Figure 12 shows the network yield for varying the number of vehicles and CBR connections. The network yield represents the comprehensive performance of a network, which similar to the goodput. For example, when the packet loss rate increases, the number of packets that reach the destination becomes smaller, thus, the value of network yield is small. In the same condition of packet loss rate, a route with a large number of hops will have a negative impact on network yield. From Figure 12, it can be found that when the number of nodes increases, the performance of network yield is better (with exception of Figure 12d, where the number of CBR connections is 20, the results of MM-GPSR are similar). The main reason to limit the performance in a sparse network is that the network connection is not enough due to the small number of nodes. Actually, location-based greedy forwarding mode is very suitable for well-connected networks due to this scheme aims to obtain the minimum number of hops. From Figure 10 and Figure 11, we can found that RETIT has a lower packet loss rate and lower end-to-end delay. Obviously, our proposed RTEIT has a higher network yield in a sparse environment by comparing with GPSR, MOPR, and MM-GPSR in all set of CBR connections. These results can be interpreted as: (1) link utility considers both one-hop transmission distance and link stability, which increases the packet delivery ratio and reduces the number of hops; (2) effective information traffic leads nodes to find a correct path to a destination which can avoid path redundancy.

6. Conclusions

In this paper, we present a location-based routing algorithm named RTEIT that provides a new method of selecting the next hop taking advantage of link stability, distance and effective information traffic for choosing the most appropriate relay node.

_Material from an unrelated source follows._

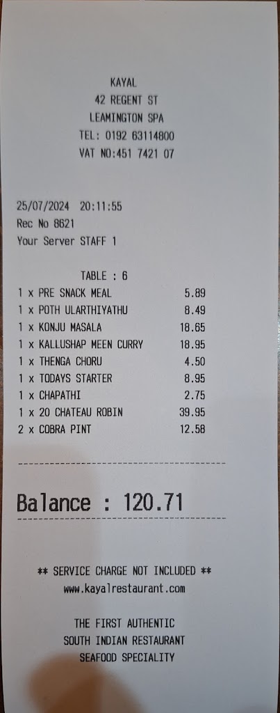 This is a great Southern Indian style restaurant. We've been to their sister restaurant in Nottingham and always enjoyed it, but maybe because of the layout, it's not as good an atmosphere as the Leamington one. We had the beef that "Dad eats with his drinks," which was absolutely superb, and I would order that again, no problem. The blonde (on food critic reference for those that remember!) ordered the special prawn starter. A dry, but full of flavour starter. Perfect to get going. We then had a fish curry (tilapia, a white fish) which was tasty and a prawn curry which had a coconut flavour which was pur favourite. But, both were good. We wouldn't normally order fish in a standard Indian restaurant as it's often frozen and just not enough fish orders to be confident in the freshness and quality. Not at Kayal, where fish is a large part of the menu and well worth trying. Our only issue is we didn't have space to order 'from the garden' or some other meat dishes that all sounded great. Next time. Because there will be another visit soon. Service was great with a very friendly waitress who knew her stuff, was quick on the order, and helpful. And engaging with a smile. If only more could be like that! Even the manager came over to see how we were and gave us a bit of a background on the restaurant. We sat downstairs in the corner and the table was fine and the room downstairs a more relaxed atmosphere, which actually suited us. Perhaps being tucked away meant it was a little harder to ask for something from the staff, but it was no bother to stand up and walk 5 metres around the corner and ask for something. The only MINOR gripe was that the downstairs area is also where the delivery drivers wait, so behind our table was two drivers in riding gear and bags, just hanging around. Didn't do too much for the atmosphere when one left their motorbike running outside the door (which was open because it was warm). As I say, a minor gripe that didn't detract from what was a great meal. I get that delivery is an important income, so perhaps just worth thinking about options for them to wait.

The link utility is used to assess the link status which is based on the distance and stability of the wireless transmission. The effective information traffic mechanism is used to lead a correct path. The experiment of the proposed algorithm is successfully established in a spare scenario in NS-3. Simulation results indicate that RTEIT outperforms both GPSR, MOPR, and MM-GPSR in term of packet loss rate, end-to-end delay and network yield. Our work assumes that global positioning system can provide accurate location information. However, due to the multipath effect and other factors, geographic location information is generally inaccurate, which will make degradation of protocol performance in VANETs [33]. Therefore, in future work, we will consider this situation and make corresponding improvements to adapt to the actual scene.